Let's implement Q-learning with a lookup table — one entry for every (state, action) pair.

In [None]:
def q_learning(env, n_episodes=10000, alpha=0.1, gamma=0.9, 
               epsilon_start=1.0, epsilon_end=0.01, epsilon_decay=0.995):
    """Tabular Q-learning with epsilon-greedy exploration."""
    Q = defaultdict(float)  # Q[(state, action)] -> value
    
    episode_rewards = []
    episode_lengths = []
    epsilon = epsilon_start
    
    for episode in range(n_episodes):
        state = env.reset()
        total_reward = 0
        steps = 0
        
        for _ in range(200):  # Max steps per episode
            # Epsilon-greedy action selection
            if np.random.random() < epsilon:
                action = np.random.choice(env.ACTIONS)
            else:
                q_values = [Q[(state, a)] for a in env.ACTIONS]
                action = env.ACTIONS[np.argmax(q_values)]
            
            next_state, reward, done = env.step(action)
            
            # Q-learning update: use MAX over next actions (off-policy)
            best_next_q = max(Q[(next_state, a)] for a in env.ACTIONS)
            td_target = reward + gamma * best_next_q * (1 - done)
            td_error = td_target - Q[(state, action)]
            Q[(state, action)] += alpha * td_error
            
            total_reward += reward
            steps += 1
            state = next_state
            
            if done:
                break
        
        episode_rewards.append(total_reward)
        episode_lengths.append(steps)
        epsilon = max(epsilon_end, epsilon * epsilon_decay)
    
    return dict(Q), episode_rewards, episode_lengths


def sarsa(env, n_episodes=10000, alpha=0.1, gamma=0.9,
          epsilon_start=1.0, epsilon_end=0.01, epsilon_decay=0.995):
    """SARSA: on-policy TD control."""
    Q = defaultdict(float)
    episode_rewards = []
    epsilon = epsilon_start
    
    for episode in range(n_episodes):
        state = env.reset()
        # Choose initial action
        if np.random.random() < epsilon:
            action = np.random.choice(env.ACTIONS)
        else:
            q_values = [Q[(state, a)] for a in env.ACTIONS]
            action = env.ACTIONS[np.argmax(q_values)]
        
        total_reward = 0
        
        for _ in range(200):
            next_state, reward, done = env.step(action)
            
            # Choose next action (for SARSA update)
            if np.random.random() < epsilon:
                next_action = np.random.choice(env.ACTIONS)
            else:
                q_values = [Q[(next_state, a)] for a in env.ACTIONS]
                next_action = env.ACTIONS[np.argmax(q_values)]
            
            # SARSA update: use the ACTUAL next action (on-policy)
            td_target = reward + gamma * Q[(next_state, next_action)] * (1 - done)
            td_error = td_target - Q[(state, action)]
            Q[(state, action)] += alpha * td_error
            
            total_reward += reward
            state = next_state
            action = next_action
            
            if done:
                break
        
        episode_rewards.append(total_reward)
        epsilon = max(epsilon_end, epsilon * epsilon_decay)
    
    return dict(Q), episode_rewards


# Train both
Q_ql, rewards_ql, lengths_ql = q_learning(env, n_episodes=10000)
Q_sarsa, rewards_sarsa = sarsa(env, n_episodes=10000)
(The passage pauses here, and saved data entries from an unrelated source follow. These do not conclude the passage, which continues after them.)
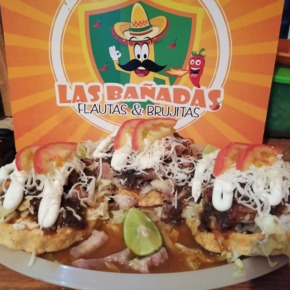 Hecha con masa de maíz rellena de bistec acompañada de repollo, cuerito curtido, crema, jitomate y queso rallado bañada en salsa especial de la casa.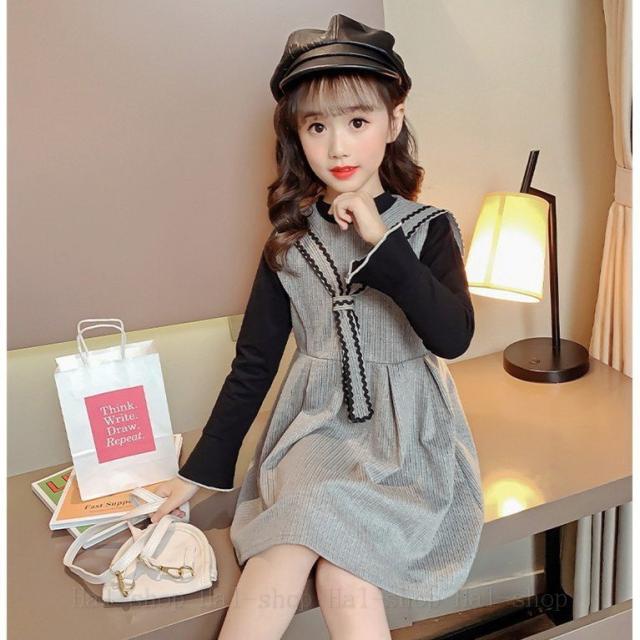 キッズ 長袖 ワンピース 子供服 春秋 キッズワンピース チェック柄 長袖ワンピース 子供ドレス お姫様 ジュニア おしゃれ 可愛い カジュアル 通学着 新品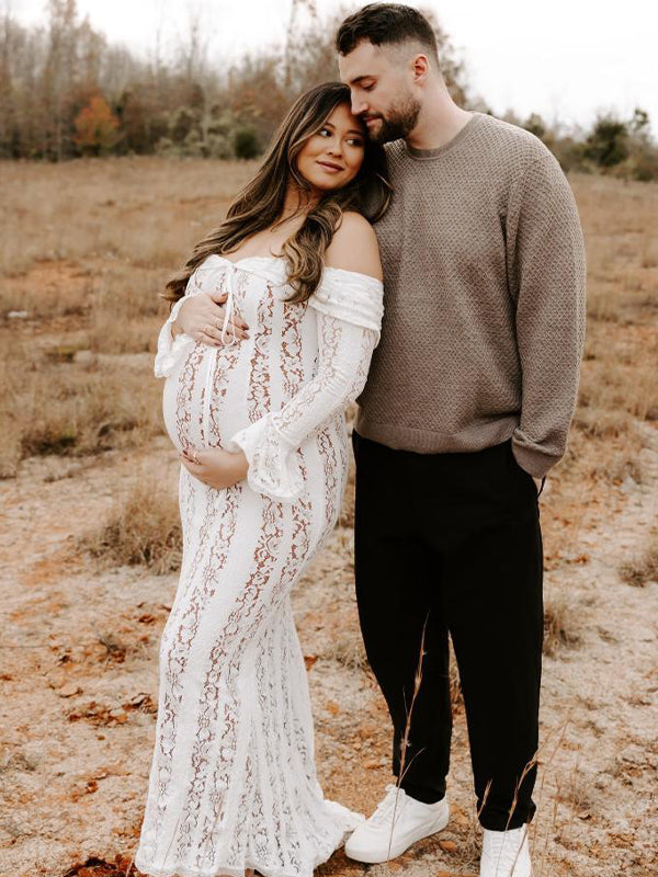 Momyknows White Off Shoulder Lace Bandeau Tie Front Mermaid Bandage Gender Reveal Maternity Maxi Dress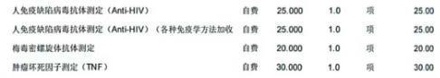 記者在患者費用清單上看到,檢查中包含了“人免疫缺陷病毒抗體測定(Anti-HIV)、梅毒密螺旋體抗體測定、腫瘤壞死因子測定(TNF)”,這幾項化驗的費用約100元。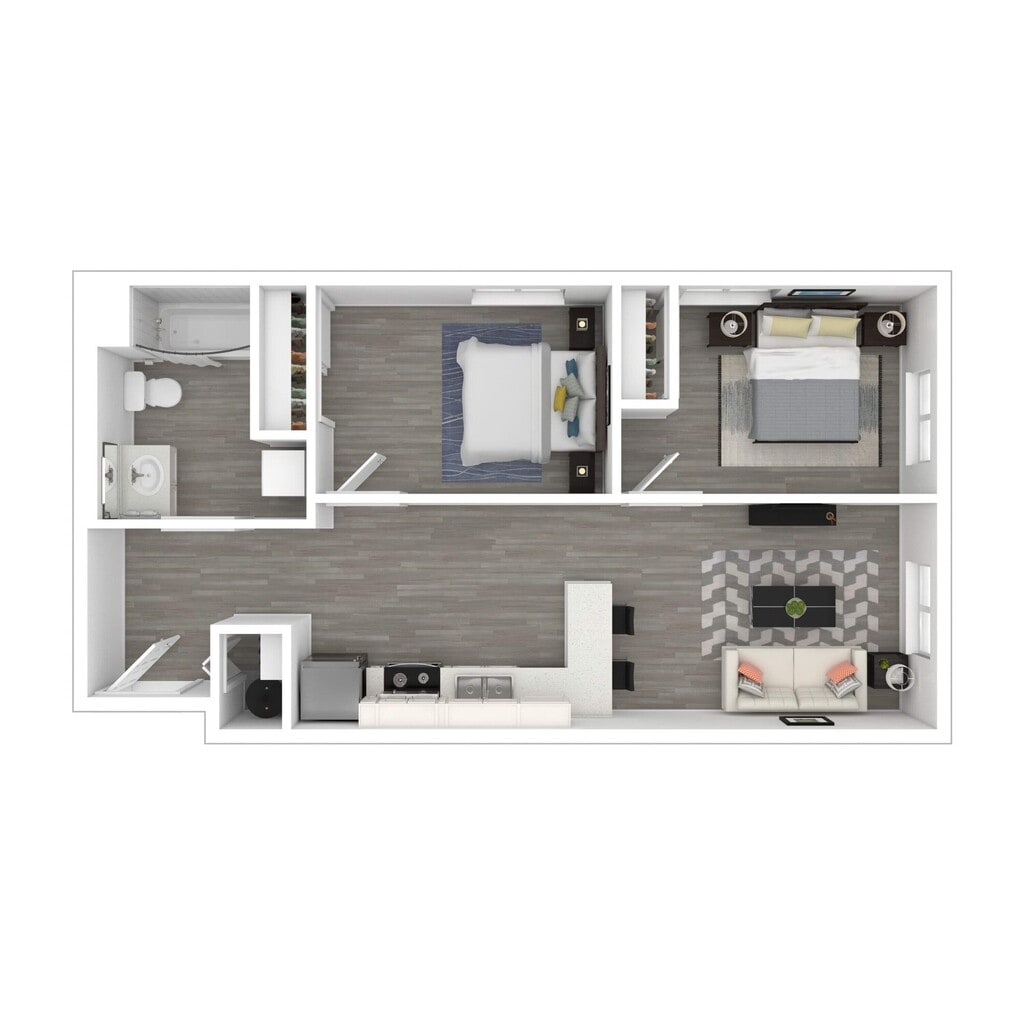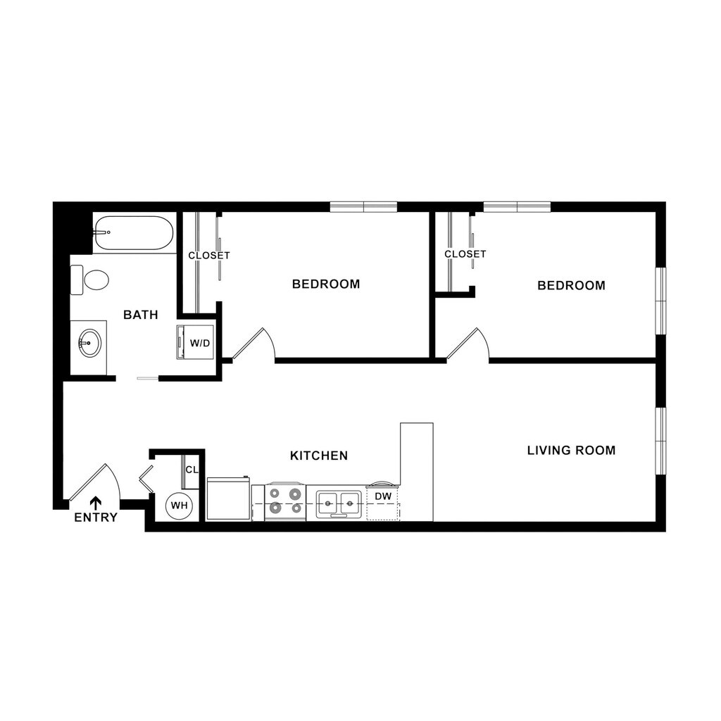 Modelo de apartamento: Two Bedroom/One Bath$1,7752 Dormitorios, 1 Baño, 641 sq ftDisponible May 21, 2026![]()

print("Training complete!")
print(f"Q-learning: avg reward (last 100) = {np.mean(rewards_ql[-100:]):.3f}")
print(f"SARSA:      avg reward (last 100) = {np.mean(rewards_sarsa[-100:]):.3f}")

### Visualization: Q-Learning vs. SARSA

In [None]:
fig, axes = plt.subplots(1, 2, figsize=(14, 5))

# Left: Learning curves
window = 100
ql_smooth = np.convolve(rewards_ql, np.ones(window)/window, mode='valid')
sarsa_smooth = np.convolve(rewards_sarsa, np.ones(window)/window, mode='valid')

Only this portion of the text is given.